Our preliminary study has several limitations. In silico prediction scores are imperfect [11, 16]. We did not confirm the splicing effect of specific nonsense variants in individuals by RNA sequencing [3, 13, 17] or other functional assays [18]. The creation of a splice site upstream of the nonsense variant might still result in a loss-of-function (e.g., from an indel that results in a frameshift). The predicted impact of an in-frame deletion within a protein domain on protein function is best determined on a gene-by-gene basis through manual curation of the literature and/or experimental (in vivo or ex vivo) approaches, and was beyond the scope of this report. Conversely, nonsense variants may be rescued by different mechanisms unrelated to manufactured splice rescue [6, 7, 15, 19, 20]. Lastly, while we explored three different datasets (ClinVar, gnomAD, and MSSNG) to offset the ascertainment biases inherent in each and noted similar expected rates of manufactured splice rescue, none provides an unbiased sampling of germline human nonsense variants. The true prevalence in the genome of this phenomenon of manufactured splice rescue remains unknown.
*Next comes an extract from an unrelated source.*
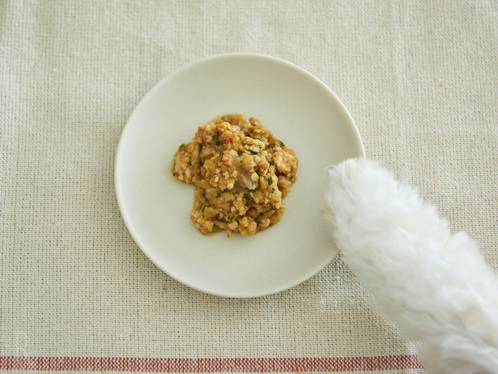 我が家はフードをローテーションしているので、その日のフードに合わせてトッピングできるのが助かります。小分け包装なので手間も少なく、冷凍でストックしておけると安心です。 国産無添加※で安心なのも嬉しいポイントです。柔らかめのごはんなので、シニア犬のはなちゃんも食べやすそうです。

In summary, we have assessed an underappreciated mechanism whereby unchallenged assumptions regarding variant impact could result in inaccurate variant interpretation. There is growing awareness that in silico tools like SpliceAI are invaluable for identifying deleterious cryptic splice variants within classes of variation often presumed to be benign (e.g., synonymous variants, deep intronic variants) [16], but the inverse scenario is rarely considered. We recommend against initially applying PVS1-level evidence to novel nonsense variants where manufactured splice rescue is a strong possibility and correlation with phenotype is challenging, as will often be the case with secondary findings and in the anticipated future wave of newborn genomic screening programs.